My first degree was in finance and accounting, but I fell in love with
technology, so I sold PCs out of the biggest gray marketer in Seattle when the
PC AT (second real computer for business) was coming out. I have first hand
knowledge of the buying behavior because I was on the front lines of computer
sales, and made a ton of good money selling $2-5K computers to people walking
in off the street.

The advent of the PC revolution was all about apps. I'm not saying that there
weren't benchmarks, and maybe you'd find a savvy buyer that subscribed to Byte
magazine, but these were far and few between. Tandy simply didn't have Lotus
1-2-3. The PC Junior wasn't a performance issue, but the term "Junior" just
killed the thing out of the gate. The investment in a PC was a lot of money,
and you weren't going to get a Junior, you were going to get a real PC. (For
instance, the keyboard was much more impactful than any performance thoughts.)

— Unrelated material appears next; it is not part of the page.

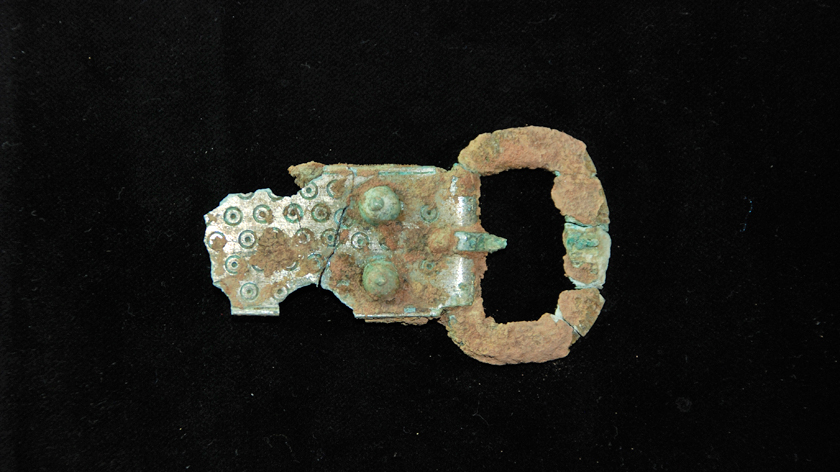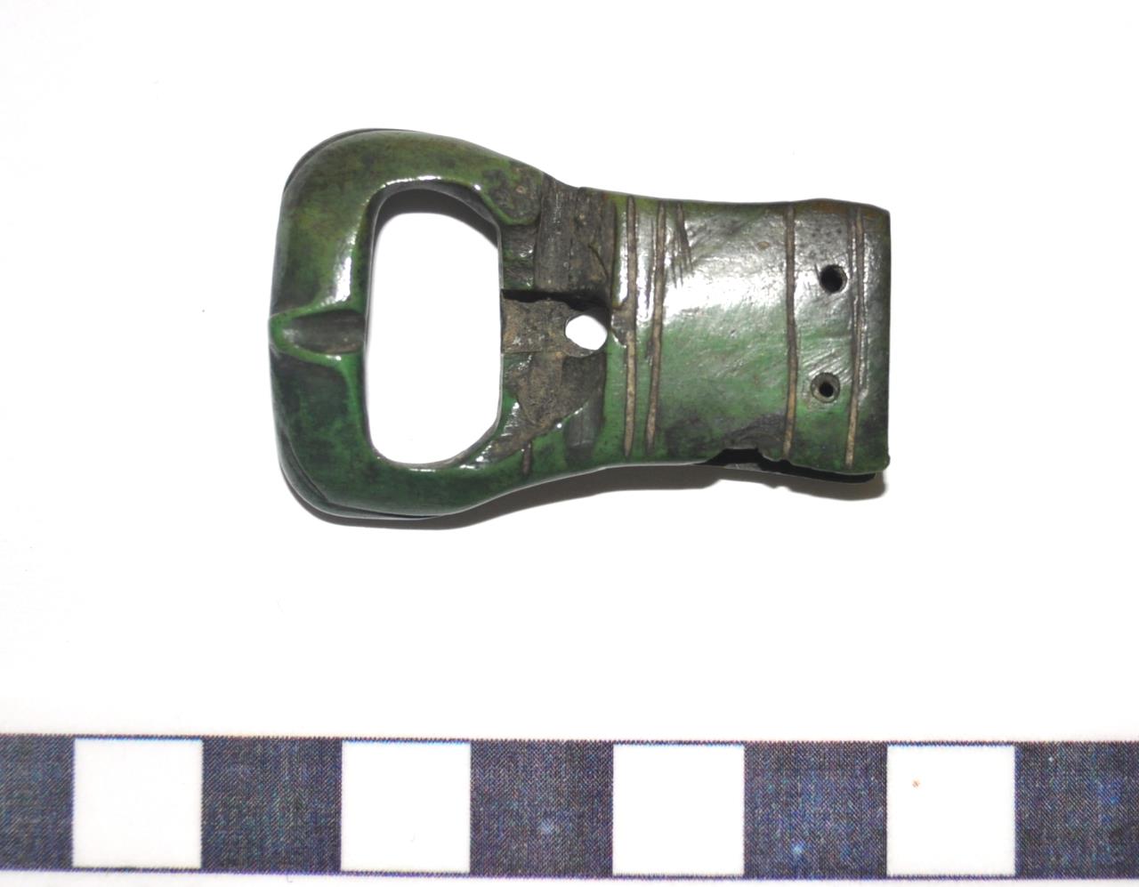 The entry for the dyed bone buckle from York in the York Museum Trust online collection. https://www.yorkmuseumstrust.org.uk/collections/search/item/?id=7484&search_query=bGltaXQ9MTYmc2VhcmNoX3RleHQ9QnVja2xlJlZWJTVCMCU1RD0mR3MlNUJvcGVyYXRvciU1RD0lM0UlM0QmR3MlNUJ2YWx1ZSU1RD04NjYmR2UlNUJvcGVyYXRvciU1RD0lM0MlM0QmR2UlNUJ2YWx1ZSU1RD0xMDY2JkZOPQ%3D%3D

Finally, for those not around, storage was an incredible change agent. A lot
of people think an SSD in a client platform is pretty cool. However, you
cannot image the step up that a hard drive provided versus a floppy drive. The
PC Junior and Tandy had no real hard drive path. While IBM had hard drive
specific model (XT), the effort to install a hard drive in a PC was pretty
small because of the accessibility. An open architecture, which any home
builder takes for granted today, was pretty revolutionary at the time, and
IBM's willingness to allow plug-ins (where they followed Woz) caused it to
cremate the competition with a peripheral market.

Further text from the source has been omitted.